## Material for the task:
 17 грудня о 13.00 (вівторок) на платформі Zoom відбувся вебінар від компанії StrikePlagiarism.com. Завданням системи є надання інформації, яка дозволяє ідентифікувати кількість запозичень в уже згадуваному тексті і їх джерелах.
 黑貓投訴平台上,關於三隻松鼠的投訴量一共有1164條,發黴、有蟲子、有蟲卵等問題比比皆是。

...

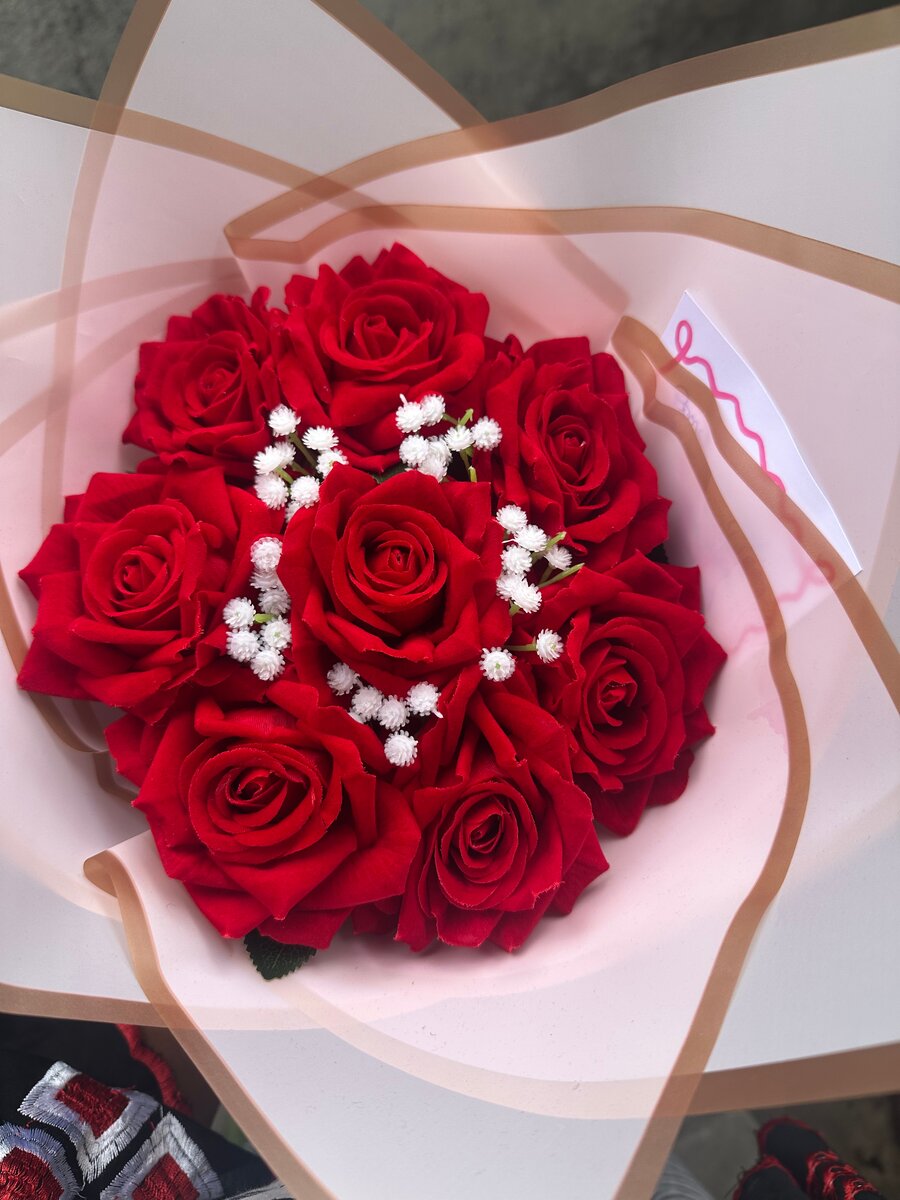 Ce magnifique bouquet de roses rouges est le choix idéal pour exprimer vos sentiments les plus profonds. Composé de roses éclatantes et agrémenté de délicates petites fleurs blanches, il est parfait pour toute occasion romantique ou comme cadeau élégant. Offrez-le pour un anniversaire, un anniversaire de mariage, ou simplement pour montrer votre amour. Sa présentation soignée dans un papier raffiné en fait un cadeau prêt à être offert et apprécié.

## Exercise brief:
Set down, exactly as they appear above, all lines from the one that has "17 грудня о" down to the one that has "黑貓投訴平台上,關於三隻松鼠", including those two and no others.

## Result:
 17 грудня о 13.00 (вівторок) на платформі Zoom відбувся вебінар від компанії StrikePlagiarism.com. Завданням системи є надання інформації, яка дозволяє ідентифікувати кількість запозичень в уже згадуваному тексті і їх джерелах.
 黑貓投訴平台上,關於三隻松鼠的投訴量一共有1164條,發黴、有蟲子、有蟲卵等問題比比皆是。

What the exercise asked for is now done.